Make an exact copy of the records below, leaving every image out.
* * * *
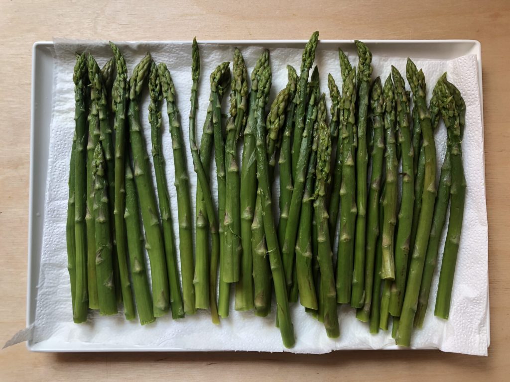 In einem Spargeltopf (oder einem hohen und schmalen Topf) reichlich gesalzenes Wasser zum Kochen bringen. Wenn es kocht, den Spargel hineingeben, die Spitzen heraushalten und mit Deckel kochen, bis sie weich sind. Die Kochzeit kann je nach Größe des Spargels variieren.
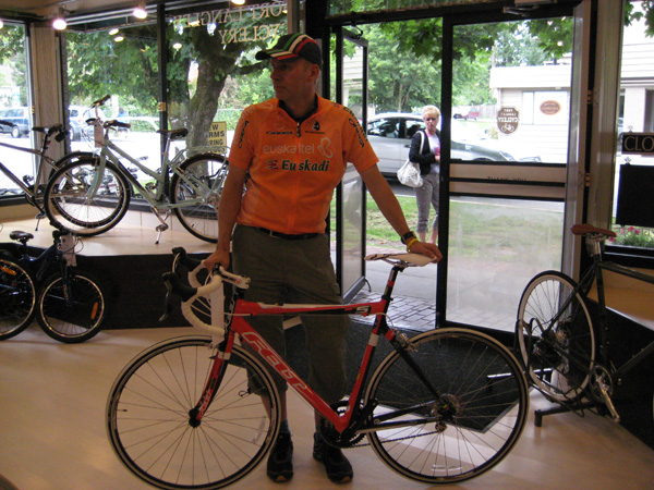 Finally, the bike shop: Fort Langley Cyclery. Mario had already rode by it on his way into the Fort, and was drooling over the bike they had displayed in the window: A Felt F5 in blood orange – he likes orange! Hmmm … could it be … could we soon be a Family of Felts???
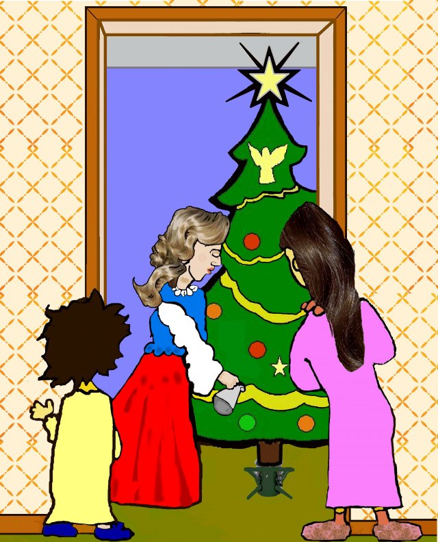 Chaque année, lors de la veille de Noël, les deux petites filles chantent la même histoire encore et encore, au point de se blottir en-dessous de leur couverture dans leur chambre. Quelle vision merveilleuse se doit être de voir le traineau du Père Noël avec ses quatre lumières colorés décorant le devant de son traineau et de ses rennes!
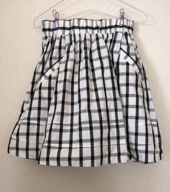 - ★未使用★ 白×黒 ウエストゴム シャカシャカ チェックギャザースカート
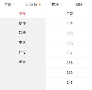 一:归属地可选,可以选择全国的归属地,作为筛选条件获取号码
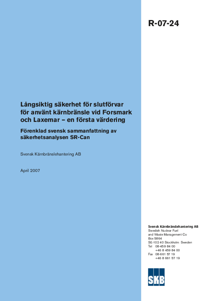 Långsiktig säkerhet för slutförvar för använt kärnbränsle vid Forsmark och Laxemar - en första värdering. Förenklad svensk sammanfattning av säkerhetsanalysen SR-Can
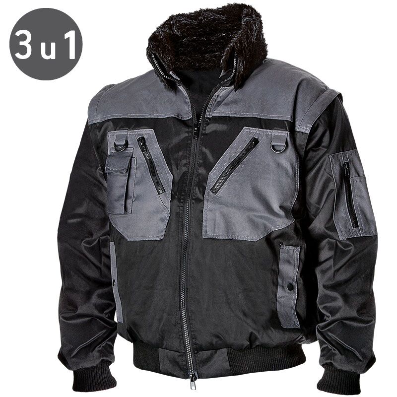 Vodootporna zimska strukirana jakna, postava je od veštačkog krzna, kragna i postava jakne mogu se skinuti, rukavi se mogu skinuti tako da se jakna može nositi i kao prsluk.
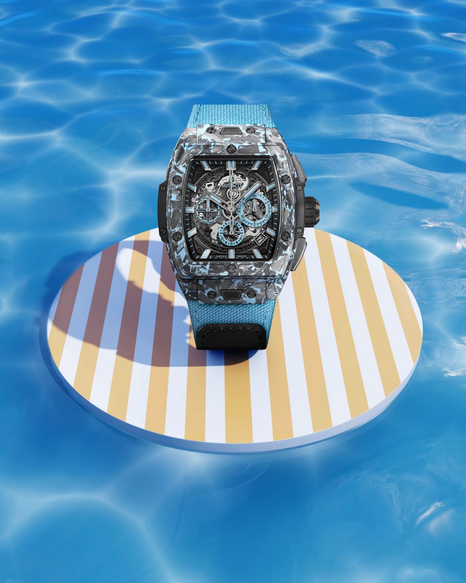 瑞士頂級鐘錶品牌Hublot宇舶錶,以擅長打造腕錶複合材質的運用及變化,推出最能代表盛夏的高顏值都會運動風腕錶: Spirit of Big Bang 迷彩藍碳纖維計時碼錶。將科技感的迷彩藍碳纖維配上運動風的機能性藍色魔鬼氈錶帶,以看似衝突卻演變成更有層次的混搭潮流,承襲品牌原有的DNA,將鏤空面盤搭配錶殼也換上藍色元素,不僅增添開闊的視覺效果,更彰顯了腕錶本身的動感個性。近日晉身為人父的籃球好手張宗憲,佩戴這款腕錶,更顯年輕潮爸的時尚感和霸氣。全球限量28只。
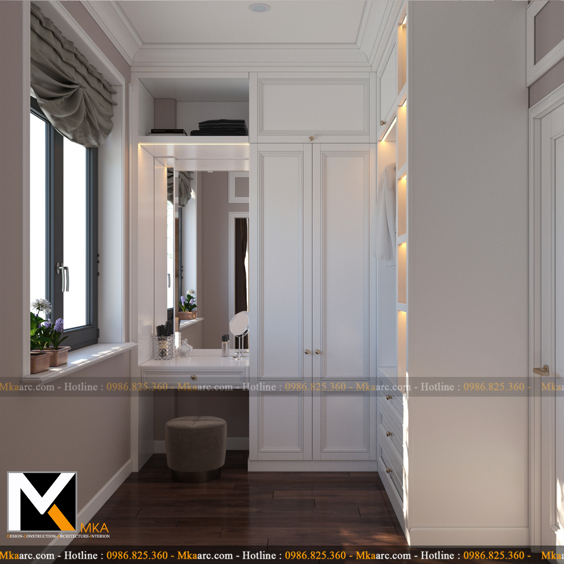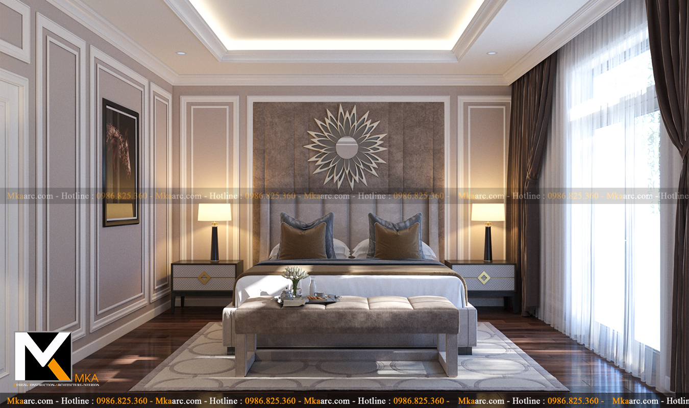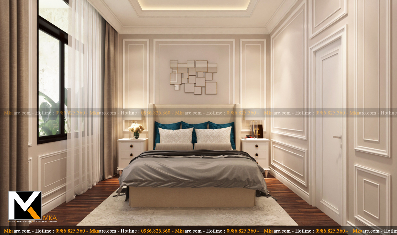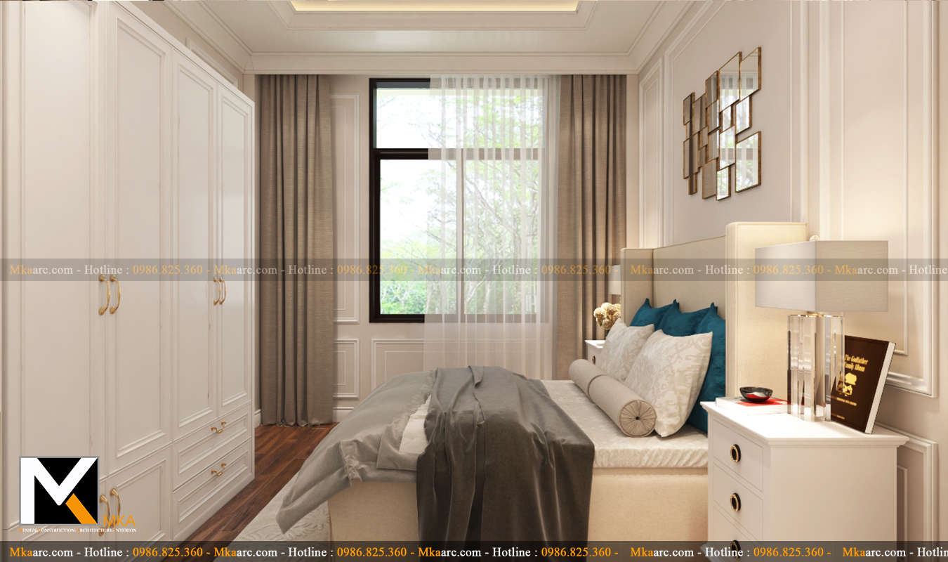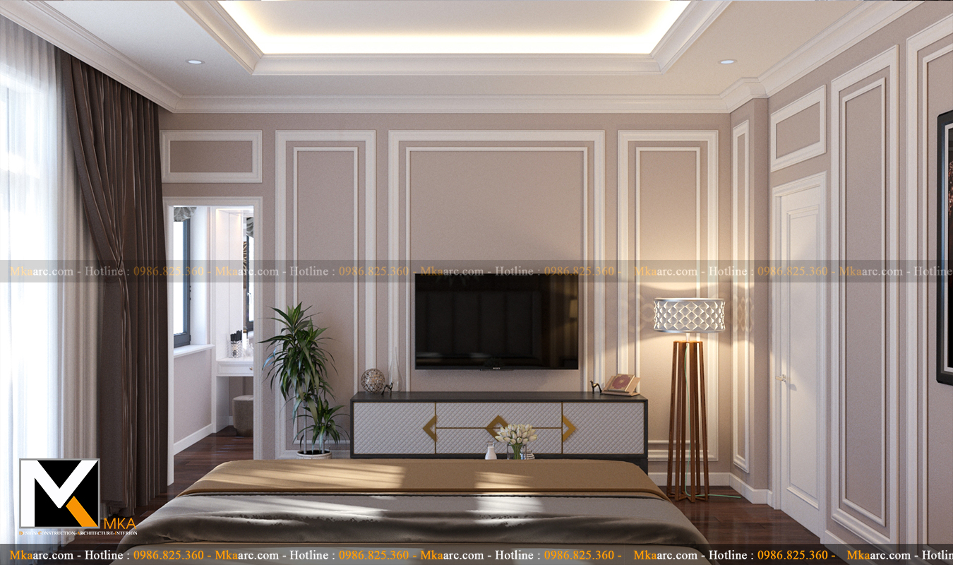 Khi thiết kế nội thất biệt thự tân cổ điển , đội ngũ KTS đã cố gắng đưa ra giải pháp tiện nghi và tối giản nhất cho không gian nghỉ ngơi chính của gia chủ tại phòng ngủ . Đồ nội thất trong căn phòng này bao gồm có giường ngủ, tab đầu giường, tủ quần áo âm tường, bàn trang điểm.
* * * *
▶ [TASK RESPONSE]:
 In einem Spargeltopf (oder einem hohen und schmalen Topf) reichlich gesalzenes Wasser zum Kochen bringen. Wenn es kocht, den Spargel hineingeben, die Spitzen heraushalten und mit Deckel kochen, bis sie weich sind. Die Kochzeit kann je nach Größe des Spargels variieren.
 Finally, the bike shop: Fort Langley Cyclery. Mario had already rode by it on his way into the Fort, and was drooling over the bike they had displayed in the window: A Felt F5 in blood orange – he likes orange! Hmmm … could it be … could we soon be a Family of Felts???
 Chaque année, lors de la veille de Noël, les deux petites filles chantent la même histoire encore et encore, au point de se blottir en-dessous de leur couverture dans leur chambre. Quelle vision merveilleuse se doit être de voir le traineau du Père Noël avec ses quatre lumières colorés décorant le devant de son traineau et de ses rennes!
 - ★未使用★ 白×黒 ウエストゴム シャカシャカ チェックギャザースカート
 一:归属地可选,可以选择全国的归属地,作为筛选条件获取号码
 Långsiktig säkerhet för slutförvar för använt kärnbränsle vid Forsmark och Laxemar - en första värdering. Förenklad svensk sammanfattning av säkerhetsanalysen SR-Can
 Vodootporna zimska strukirana jakna, postava je od veštačkog krzna, kragna i postava jakne mogu se skinuti, rukavi se mogu skinuti tako da se jakna može nositi i kao prsluk.
 瑞士頂級鐘錶品牌Hublot宇舶錶,以擅長打造腕錶複合材質的運用及變化,推出最能代表盛夏的高顏值都會運動風腕錶: Spirit of Big Bang 迷彩藍碳纖維計時碼錶。將科技感的迷彩藍碳纖維配上運動風的機能性藍色魔鬼氈錶帶,以看似衝突卻演變成更有層次的混搭潮流,承襲品牌原有的DNA,將鏤空面盤搭配錶殼也換上藍色元素,不僅增添開闊的視覺效果,更彰顯了腕錶本身的動感個性。近日晉身為人父的籃球好手張宗憲,佩戴這款腕錶,更顯年輕潮爸的時尚感和霸氣。全球限量28只。
 Khi thiết kế nội thất biệt thự tân cổ điển , đội ngũ KTS đã cố gắng đưa ra giải pháp tiện nghi và tối giản nhất cho không gian nghỉ ngơi chính của gia chủ tại phòng ngủ . Đồ nội thất trong căn phòng này bao gồm có giường ngủ, tab đầu giường, tủ quần áo âm tường, bàn trang điểm.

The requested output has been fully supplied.